# LISTED RECORDS
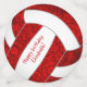 This girls' volleyball sports birthday party confetti features girly red and white volleyballs with customizable "Happy Birthday" greeting and girl's name - by katz_d_zynes
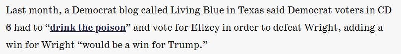 Then, in 2021, in a runoff election for Texas’ Congressional District 06 between Susan Wright (R) and Jake Ellzey (R), I wrote another article encouraging Democrats in TX06 to vote for Ellzey over Wright because Wright was a Trump-backed candidate who vowed to continue her husband’s work.
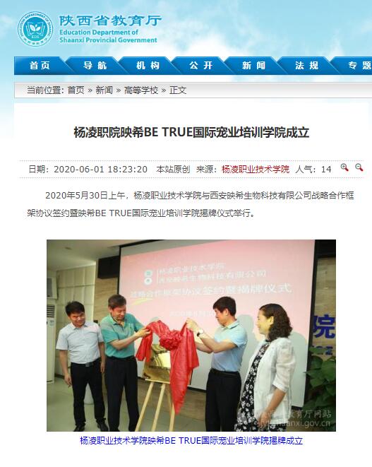 2020年5月30日上午,304am永利与西安映希生物科技有限公司战略合作框架协议签约暨映希BE TRUE国际宠业培训学院揭牌仪式举行。
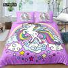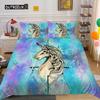 Einhorn Königin Bettbezug Cartoon Tier Regenbogen Universum Bettwäsche Set für Kinder Teenager Kosmischer Sternenhimmel Polyester Steppdecke
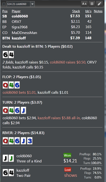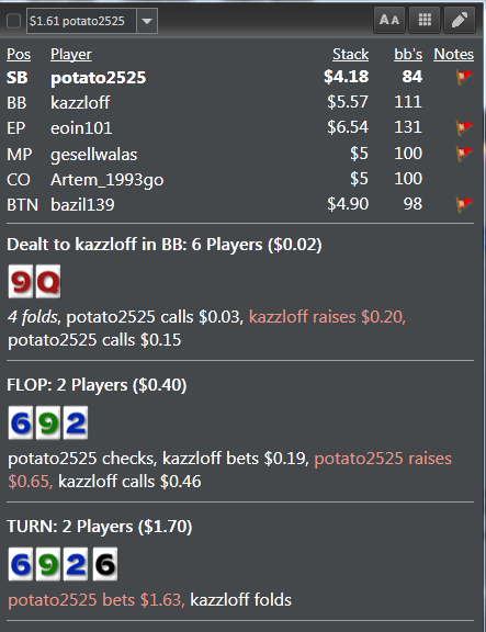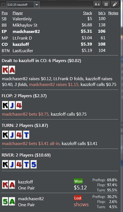 В следующих двух ловлю их блефы ,пока не овербетные,а всего в потбет,но все равно приятно.
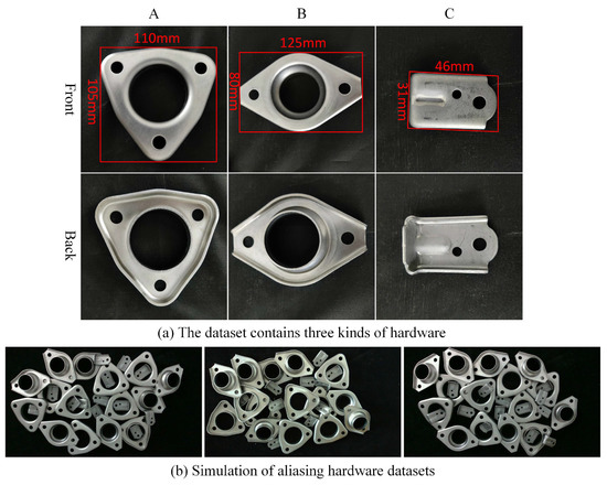 In order to simulate the robotic autonomous sorting and assembly scene of multi-category metal parts, three types of hardware with different sizes are chosen and aliased together, and then, a dataset of multi-category hardware aliasing has been constructed by some data augmentation methods. These three hardware (A, B, and C) included in this dataset are shown in Figure 7a, simulating a cluttered stack of hardware datasets for an industrial site, as shown in Figure 7b.
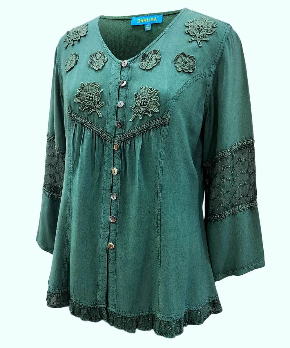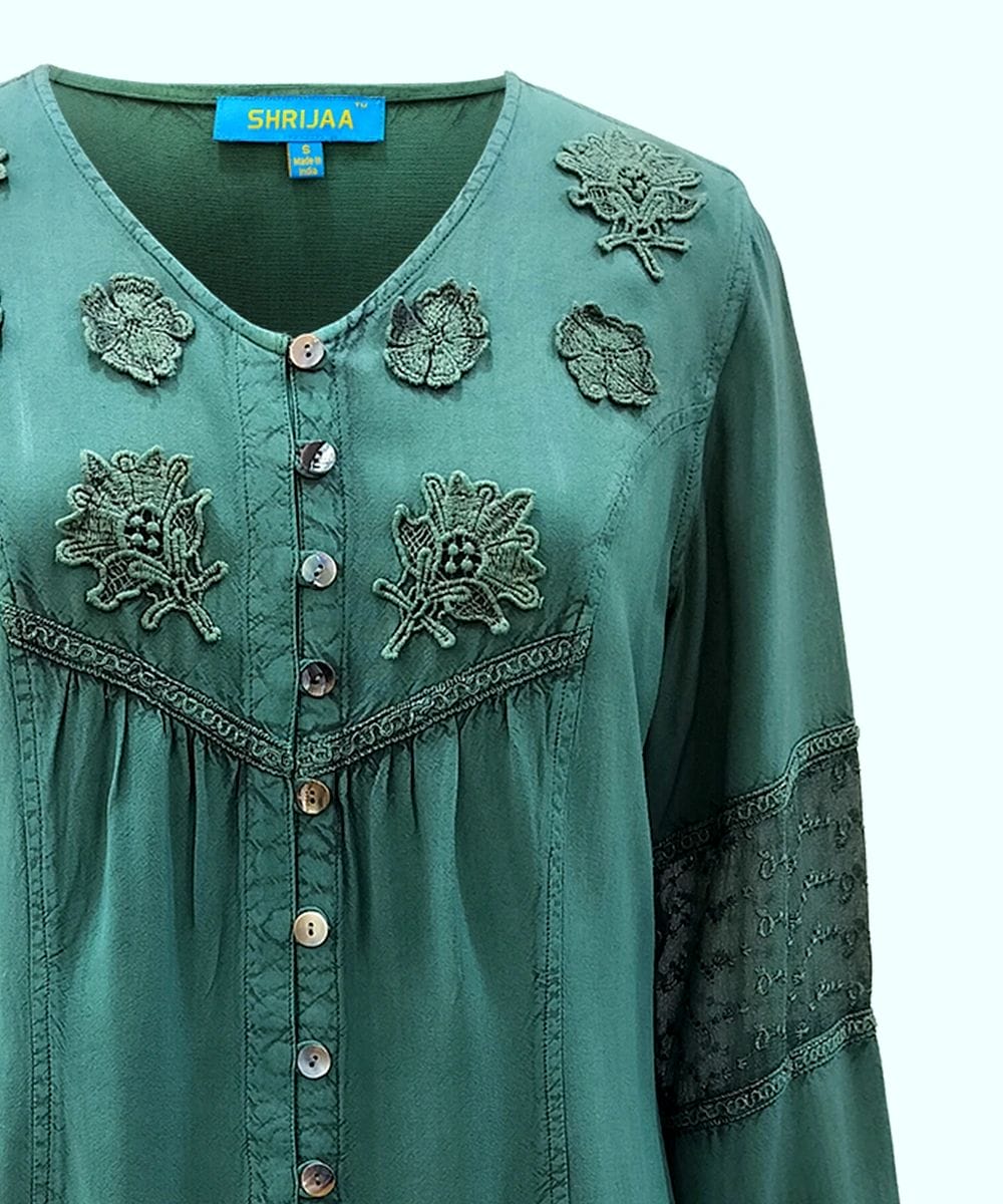 Our garments are ethically made by skilled artisans in India. This top is a versatile addition to any wardrobe, combining comfort with intricate detailing to create a piece that is both stylish and timeless.
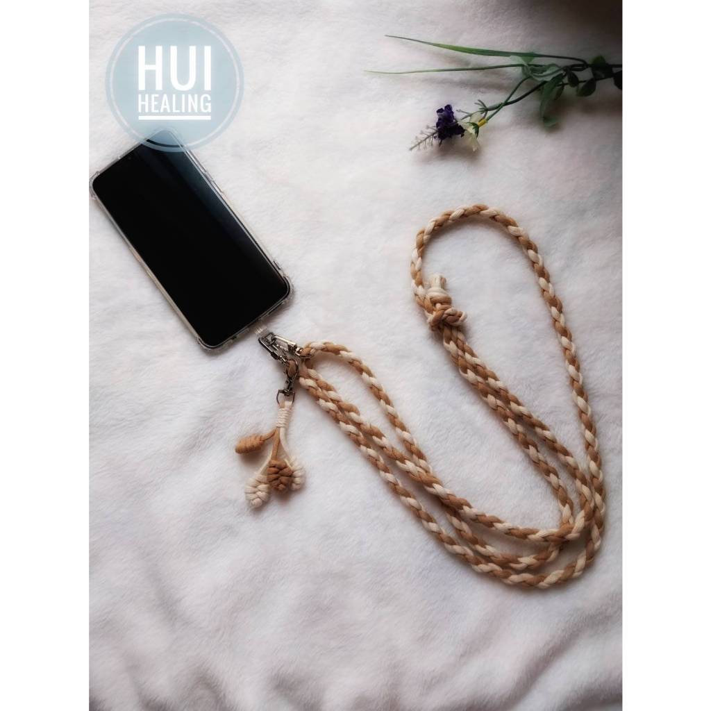 🍒惠療癒★編織手作🥛來杯鮮奶茶 🌿可調整長度雙色編織手機掛繩 (脖掛式 / 斜背式)
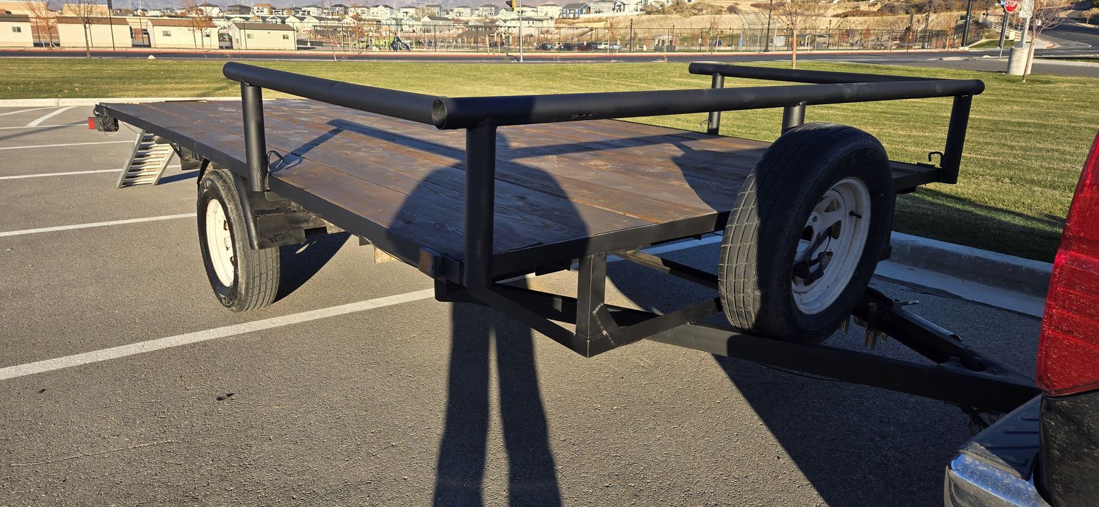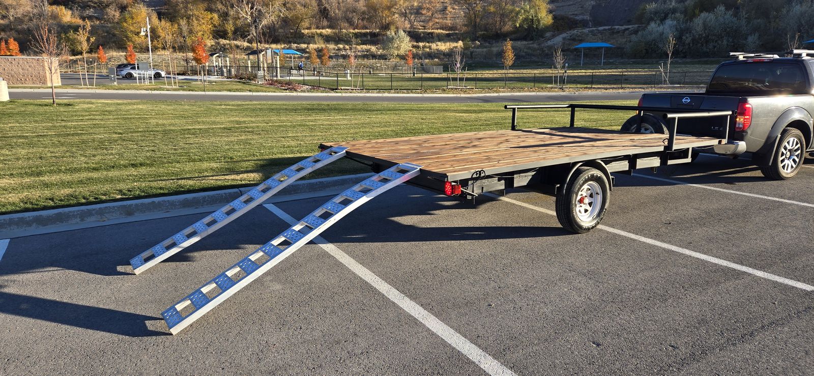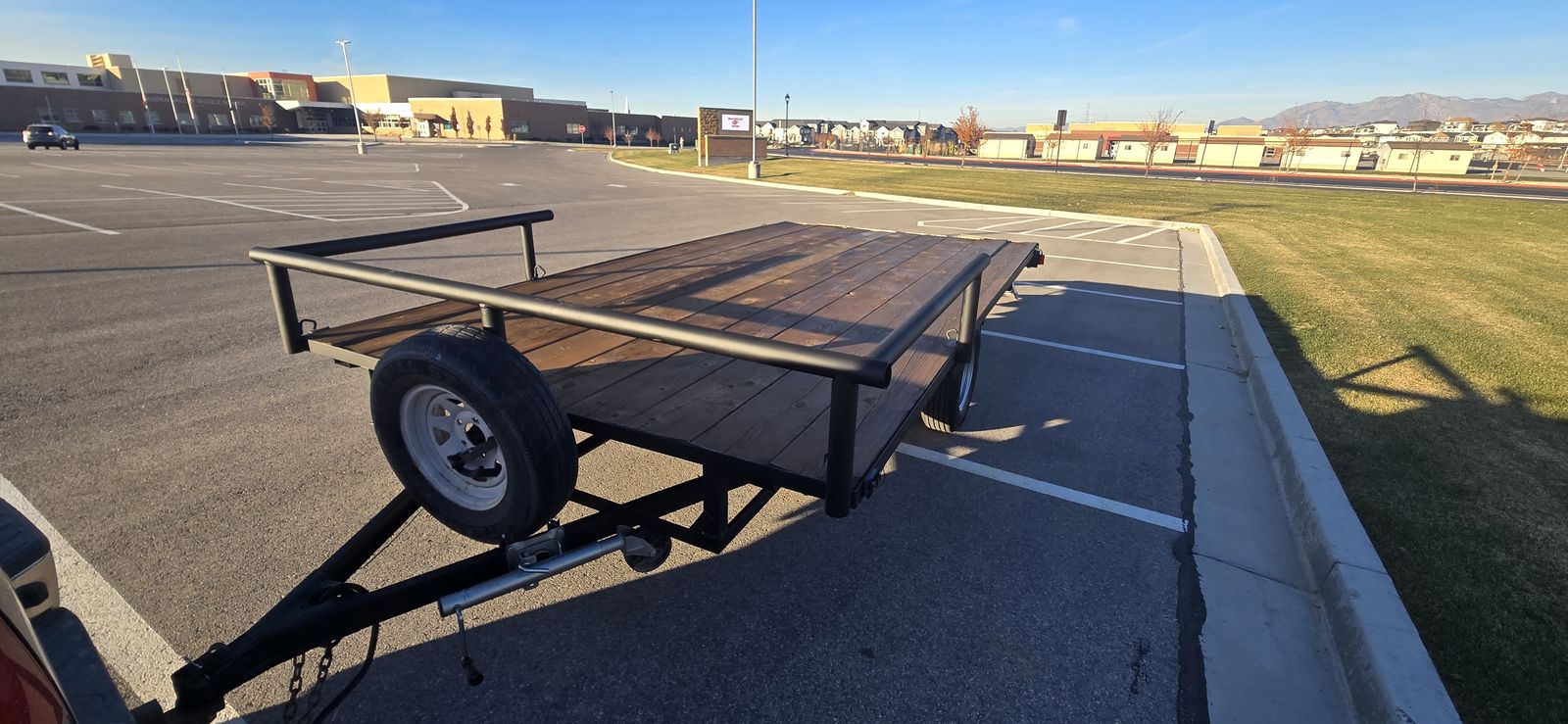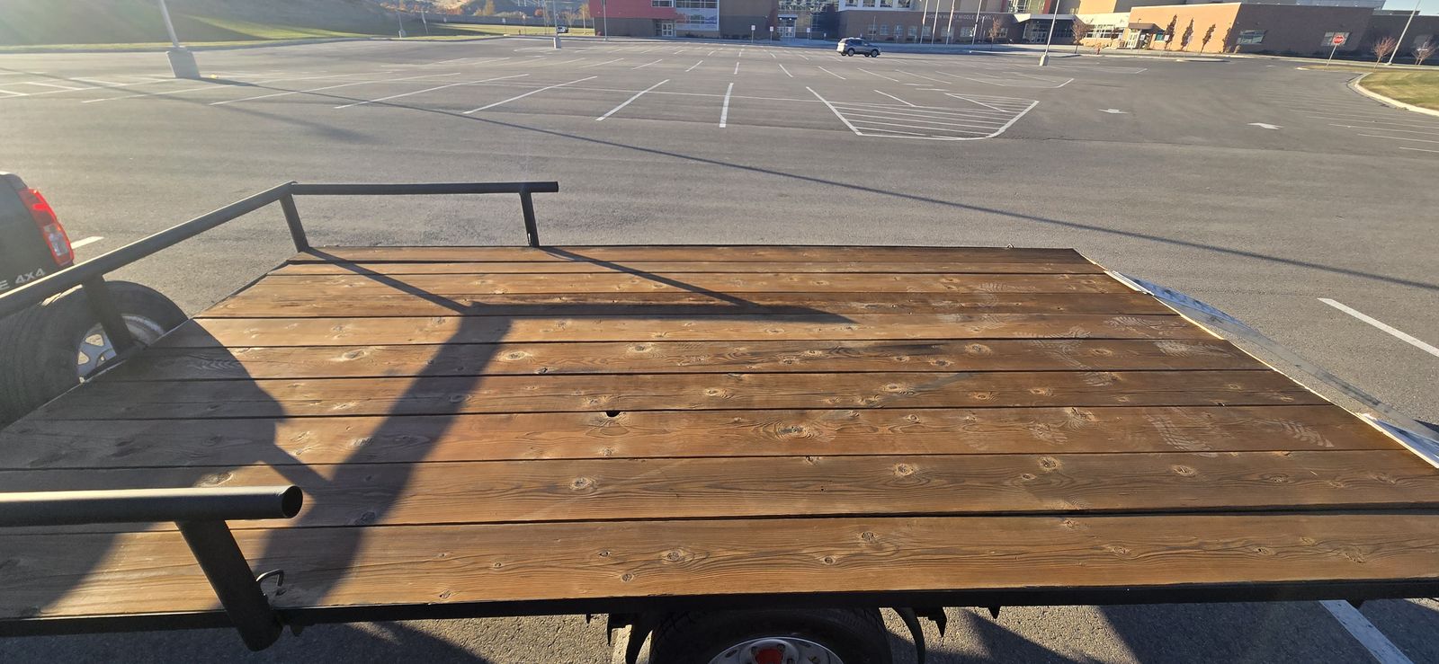 This trailer is clean and works without problem. It has new paint and wood that is in good condition with new treatment. The rims and wheels are new. Ramps are included and have built in storage underneath the trailer that can be locked. if you have questions or an offer please message me. Thank you!

# INSTRUCTIONS FOR THE TASK
Would you mind returning each entry above word for word, skipping the images?

# RESPONSE TO THE TASK
 This girls' volleyball sports birthday party confetti features girly red and white volleyballs with customizable "Happy Birthday" greeting and girl's name - by katz_d_zynes
 Then, in 2021, in a runoff election for Texas’ Congressional District 06 between Susan Wright (R) and Jake Ellzey (R), I wrote another article encouraging Democrats in TX06 to vote for Ellzey over Wright because Wright was a Trump-backed candidate who vowed to continue her husband’s work.
 2020年5月30日上午,304am永利与西安映希生物科技有限公司战略合作框架协议签约暨映希BE TRUE国际宠业培训学院揭牌仪式举行。
 Einhorn Königin Bettbezug Cartoon Tier Regenbogen Universum Bettwäsche Set für Kinder Teenager Kosmischer Sternenhimmel Polyester Steppdecke
 В следующих двух ловлю их блефы ,пока не овербетные,а всего в потбет,но все равно приятно.
 In order to simulate the robotic autonomous sorting and assembly scene of multi-category metal parts, three types of hardware with different sizes are chosen and aliased together, and then, a dataset of multi-category hardware aliasing has been constructed by some data augmentation methods. These three hardware (A, B, and C) included in this dataset are shown in Figure 7a, simulating a cluttered stack of hardware datasets for an industrial site, as shown in Figure 7b.
 Our garments are ethically made by skilled artisans in India. This top is a versatile addition to any wardrobe, combining comfort with intricate detailing to create a piece that is both stylish and timeless.
 🍒惠療癒★編織手作🥛來杯鮮奶茶 🌿可調整長度雙色編織手機掛繩 (脖掛式 / 斜背式)
 This trailer is clean and works without problem. It has new paint and wood that is in good condition with new treatment. The rims and wheels are new. Ramps are included and have built in storage underneath the trailer that can be locked. if you have questions or an offer please message me. Thank you!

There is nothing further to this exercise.